In the black of night thunder explodes seeming to shake the ground itself as rods of rain pound down. Autonomic flight or fight response triggered. And incredulity. So this is the heart of darkness, here in the ‘big jungle’ as termed reverentially even by the Congolese. Before the daily deluge, striking out from the camp alone along the track carpeted with tropical mulch, the rainforest life’s cacophony overwhelmed. Pure blackness, save for tiny stars formed of some bugs’ bioluminescence. Endless range of squawks, whistles, croaks, hisses, buzzes, rumbles, chirps, rustles, a low growl maybe … during the drive up from the river a leopard bounded across the remote logging road ahead: Senses overloaded by wondrous but extreme unfamiliarity prompt an anxious about turn back to the compound.

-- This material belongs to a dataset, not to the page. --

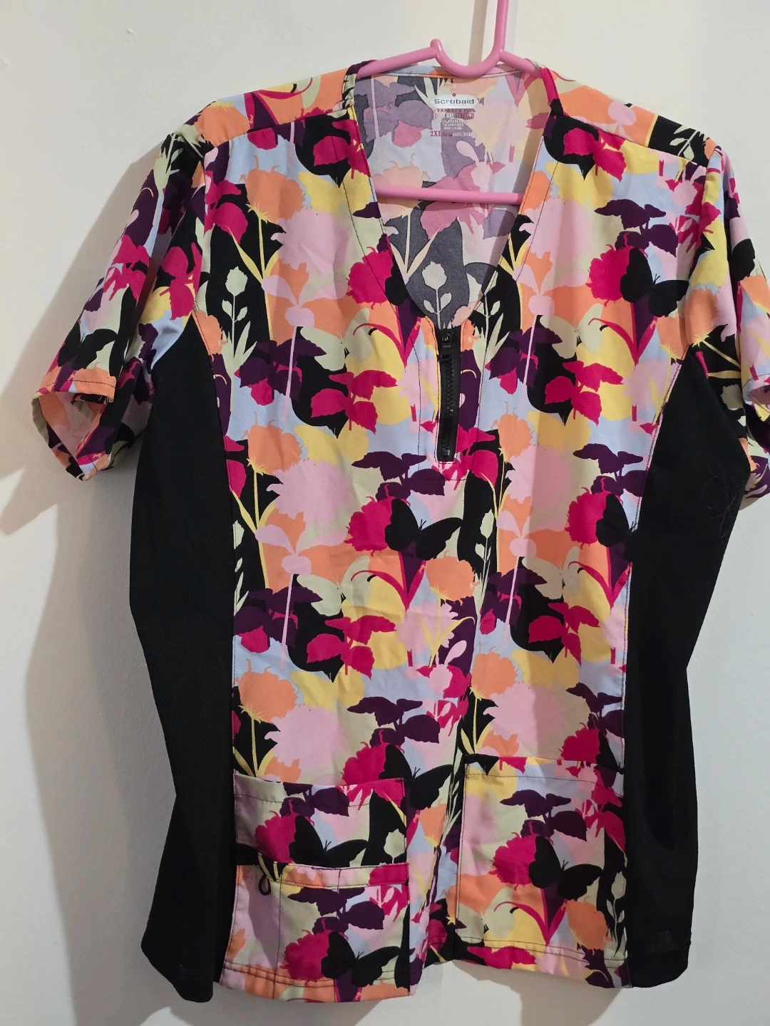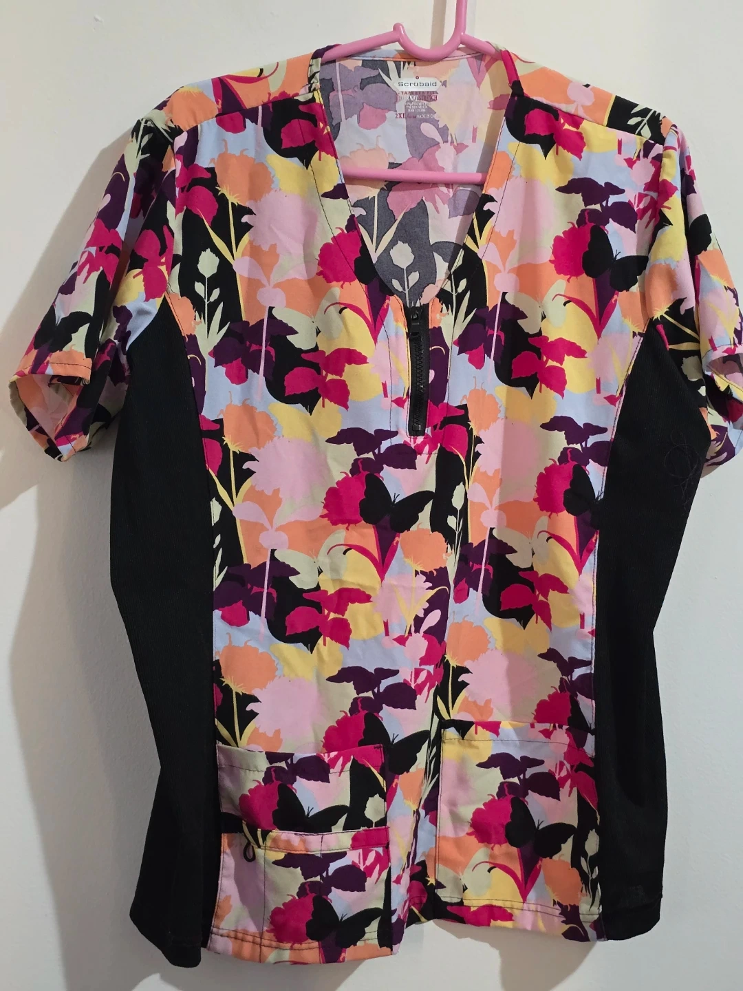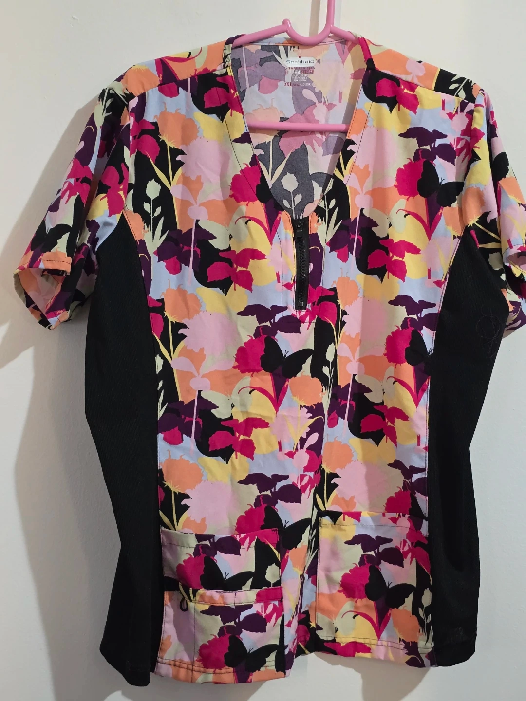 This Scrubaid scrub top features a vibrant floral print with black side panels. It's made with a four-way stretch fabric for comfort. 93% polyester, 7% spandex. Made in China. Size 2XL.

On this side of the city here and there are viewing platforms of scaffold about a half storey high. In biting central European cold a clamber up the clanky steps reveals the Brandenburg Gate. Splendid yet forlorn and impotent sentinel of the death-strip. Marooned by tall, hard concrete slabs, coils of barbed wire, in no-man’s land. Above, crammed in watch-tower turrets East German soldiers’ faces turn cold indifferent stares. A few kilometres West the Ku’damm’s opulence spits in the face of communist empire destitution. On the scaffold platform witnesses’ noses are hard up against a torn World, the frighteningly fragile balance of power: Peace on the precipice, as Cold War propaganda has embedded in a generation’s childhood psyche. The Wall’s abject futility spawns a physical upwelling of sorrow.